(Collected data)
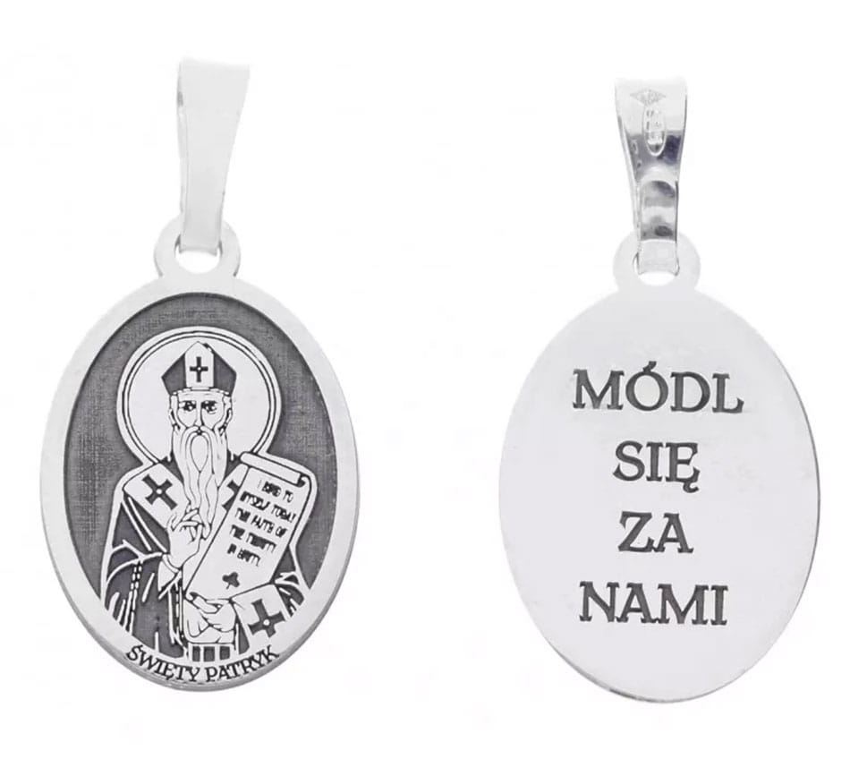 Medalik srebrny rodowany - Święty Patryk
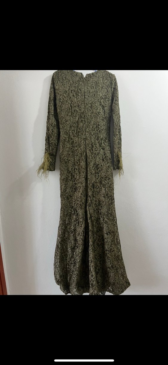 Fitted kesim, uzun kollu ve kayık yaka olan bu uzun abiye elbise, kürk detayları ve desenli kumaşıyla haki renkte avant-garde ve bohem tarzlara uygundur.
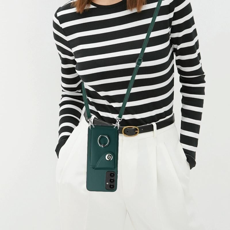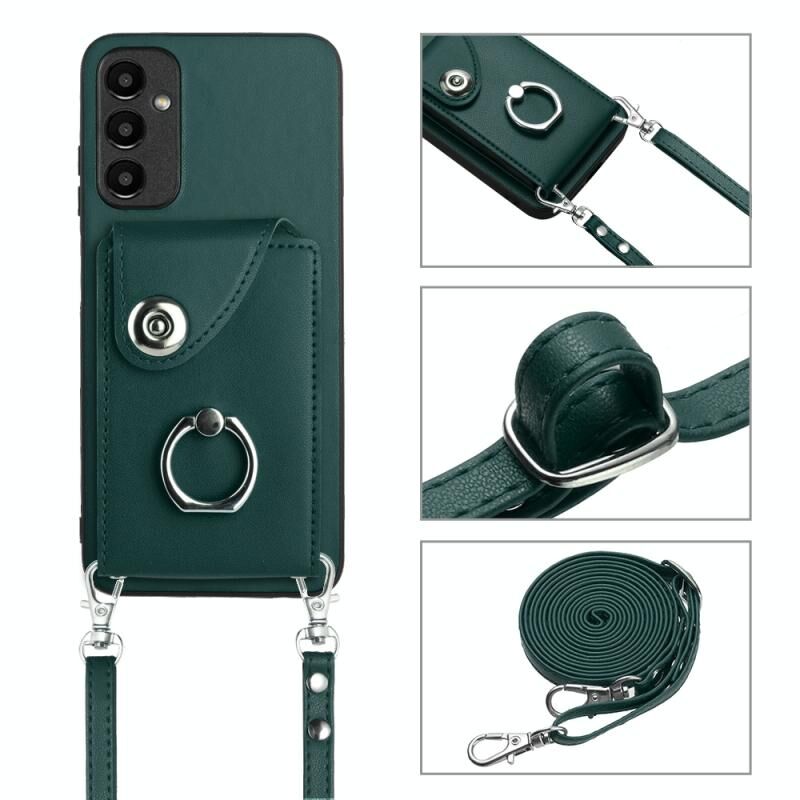 Για Samsung Galaxy A05s 4G Οργανική κάρτα τσάντα τσάντα δαχτυλίδι κάτοχος υπόθεση τηλεφώνου με μακρύ κορδόνι (πράσινο)
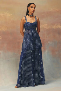 Featuring a strappy peplum top with a front opening, adorned with intricate mirrorwork and delicate beadwork on the straps, a playful yet elegant piece perfect for festive layering.
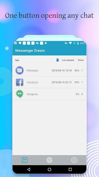 Messenger Dream is a powerful tool which help you search social Apps easier and faster, access to chat world so easy. Just one-tap to open your social app whatever you want, including Twitter, Facebook, and more. It also saves your used record and show you the open times of each social app, find the most used messenger app.

_WORK REQUEST_: Set down, word for word, the line that holds "Για Samsung Galaxy" and all lines after it to the end of the entries above, but not the pictures.

_RESULT OF THIS TASK_:
 Για Samsung Galaxy A05s 4G Οργανική κάρτα τσάντα τσάντα δαχτυλίδι κάτοχος υπόθεση τηλεφώνου με μακρύ κορδόνι (πράσινο)
 Featuring a strappy peplum top with a front opening, adorned with intricate mirrorwork and delicate beadwork on the straps, a playful yet elegant piece perfect for festive layering.
 Messenger Dream is a powerful tool which help you search social Apps easier and faster, access to chat world so easy. Just one-tap to open your social app whatever you want, including Twitter, Facebook, and more. It also saves your used record and show you the open times of each social app, find the most used messenger app.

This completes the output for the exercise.